Dealers stockpile as Iron ore prices rise dramatically

Iron ore prices have risen dramatically in the week leading up to the Chinese New Year, as dealers and manufacturers stockpile raw materials in anticipation of a potentially more significant imbalance between supply and demand in the coming months. According to S&P Global Platts, the 62 percent Fe Iron Ore Index was valued at $147 per ton on Friday, the highest price in five months.

The rising oil price has led to an increase in Chinese imports. Per statistics from industry data platform Mysteel, the total stockpile of iron ore imported by steel mills in China reached around 117.57 million tons this week, representing an increase of 470,200 tons over the previous month.

Rio Tinto shipping forecast

A source from the Rio Tinto Group said that the market price rise might be due to seasonal speculation and stockpiling. “There will be stockpiling [in China] every year before the Spring Festival,” an industry insider said.

However, a scarcity of personnel owing to influenza limitations in Western Australia may disrupt manufacturing capacity, according to the source. However, despite the difficulties, the company is still operating at total capacity, and it is possible that production will not be affected.

The company’s shipping forecast for 2022 is 320 million-335 million tons, which is around the same level as the company’s forecast for 2021. Beyond Rio Tinto, two other major global miners – BHP Billiton based in Australia and Brazilian company Vale – announced their iron ore production guidance targets for 2022, consistent with the current production forecast.

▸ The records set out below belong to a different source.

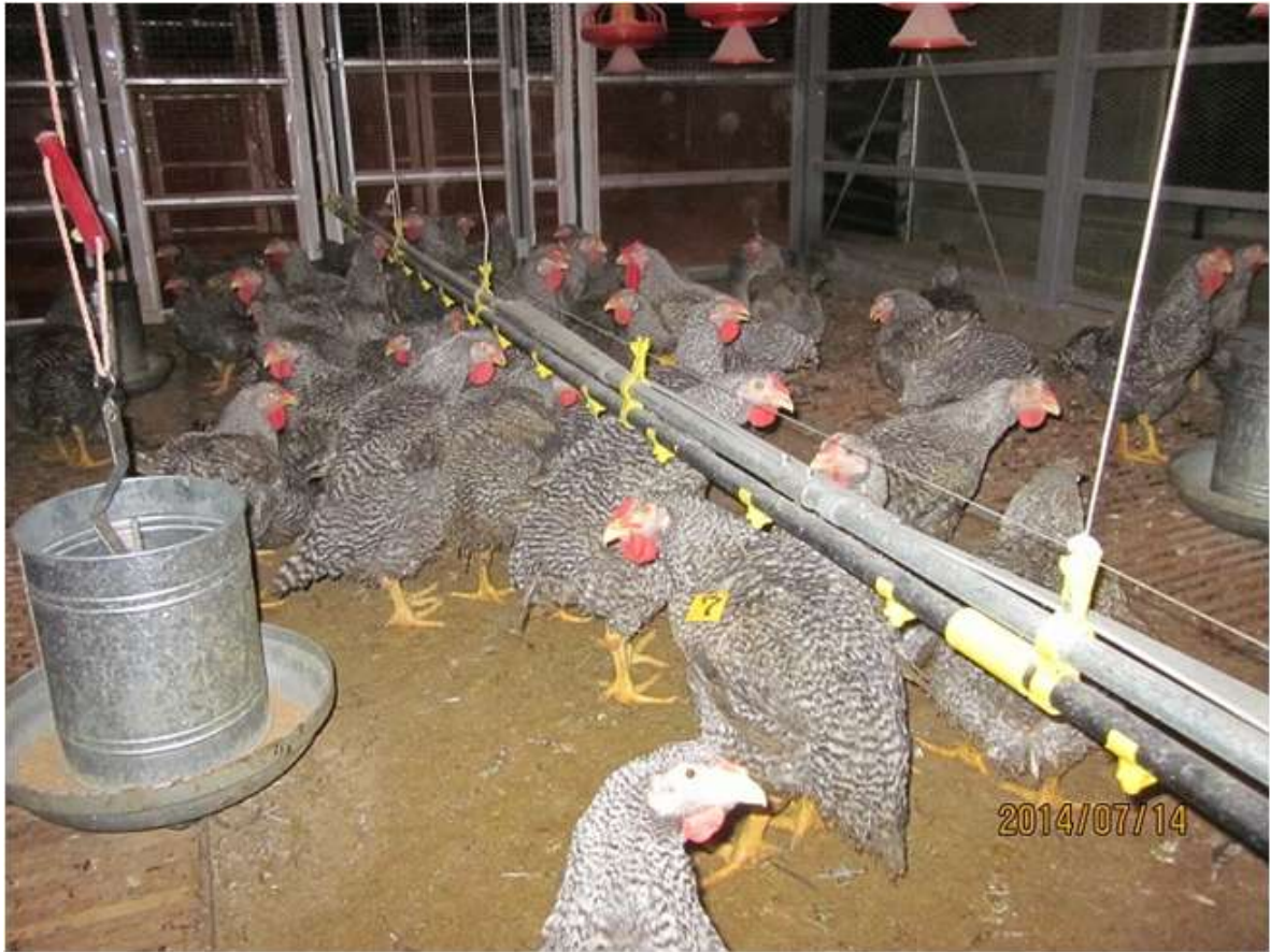
(図 3 - 4) CM♂ (88×981♂) の飼養状況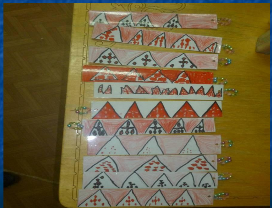
Закладка для книги Орнамент «Чум»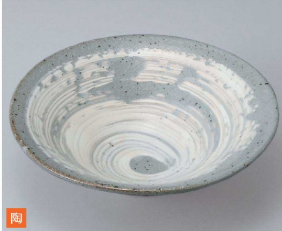
16-101-253 5,160円 粉引刷毛反向付 (18.5×5.5)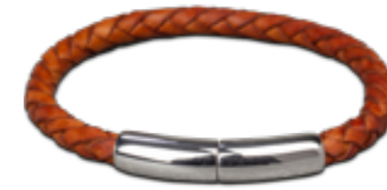
FPU 603 Glanz Verfügbare Längen: S - M - L - XL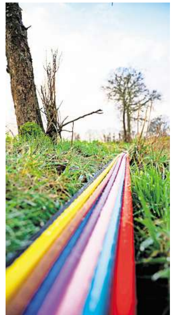
Verlegung von Glasfaser-Leitungen - das schnelle Internet soll in Wolfsburg bald flächendeckend nutzbar sein.

Die Voraussetzungen für einen kostenlosen Anschluss sind, dass sich die Bewohner der betroffenen Gebiete bis zum 30. November 2024 für einen Glasfaseranschluss entscheiden, eine Grundstücksnutzungsvereinbarung unterzeichnen und die Wobcom beauftragen. Beides können Interessierte sowohl persönlich als auch online erledigen. Weitere Informationen gibt es im Internet unter: www.wobcom.de/graue-flecken . Außerdem können sich alle Glasfaser-Interessenten im Wobcom-Kundencenter an der Heßlinger Straße 1-5 in Wolfsburg persönlich beraten lassen.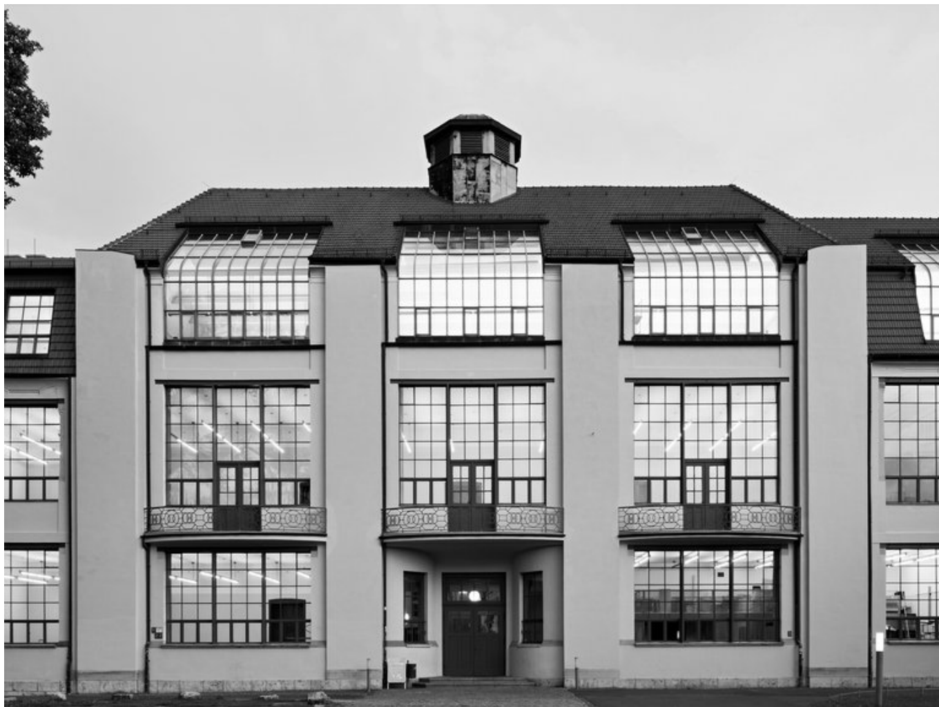
Henry Van de Velde, Edificio della Scuola di Arti Applicate (poi Bauhaus), 1904-11, Weimar.

Accanto a questa tensione verso la razionalità, non del tutto confermata nella pratica a dire il vero, troviamo nei suoi scritti puntuali riferimenti alla fascinazione macchinista e al culto della bellezza ingegneristica che incontreremo vent'anni dopo nella rivista "L'Esprit nouveau" di Jeanneret (Le Corbusier) e Ozenfant. Così scrive Van de Velde nel 1897: «E l'essenziale fulcro di questo nuovo stile deve essere, a mio giudizio, quello di non creare nulla che sia privo di un fondamento pratico e razionale, con il ricorso anche all'aiuto dell'onnipotente strumento della grande industria con il suo formidabile macchinario e le sue svariate conseguenze» [14]. Oppure: «L'anima di ciò che questi uomini [gli ingegneri] creano è la ragione, il loro mezzo il calcolo; e il frutto di questa cooperazione della ragione e del calcolo sarà la più certa e più pura bellezza!» [15]. Peraltro, il Bauhaus , uno dei principali centri di sperimentazione e diffusione del credo funzionalista in Europa, è la diretta conseguenza della pratica pedagogica di Van de Velde che, lasciando Weimar allo scoppio della grande guerra, indica nel giovane Gropius il suo ideale successore. Ma è proprio dal punto di vista della sua teoria della forma ornamentale astratta che possiamo trovare un legame implicito con il linguaggio architettonico funzionalista. Soprattutto

The media have reported that iron ore imports from Australia and Brazil have represented nearly 80 percent of total imports since 2015, with imports from Australia accounting for more than 60 percent of total imports in recent years. Relations between the two countries have lately deteriorated due to Australia’s aggressive approach toward China, which has disrupted economic activity. China’s need for iron ore exports is one of the few remaining items that are still in high demand inside the country, partly owing to the demands of the country’s building industry.

Iron ore price gouging as NDRC tightens its grip

On the other hand, according to an industry source who spoke on the condition of anonymity to the Global Times on Saturday, the share of Australian imports in 2022 is anticipated to go below 60 percent. After having been 61.6 percent in 2021, 62.5 percent in 2020. Because of the rise in iron ore price, the National Development and Reform Commission published a paper on Friday committing to tightening its grip on illegal practices such as price gouging and malicious speculation while implementing more effective measures to maintain price stability.

The Global Times reported that other measures to ensure a sustainable supply of iron ore resources are likely to be implemented, including a greater diversification of supply sources, particularly domestic mines. Wang Guoqing, research director at the Beijing Lange Steel Information Research Center, said that further diversification of supply sources, particularly from domestic mines, is expected.

Wang said that increasing the share of electric furnace steel is one of the strategies for attaining iron ore substitution and low-carbon and environmental protection goals in the future.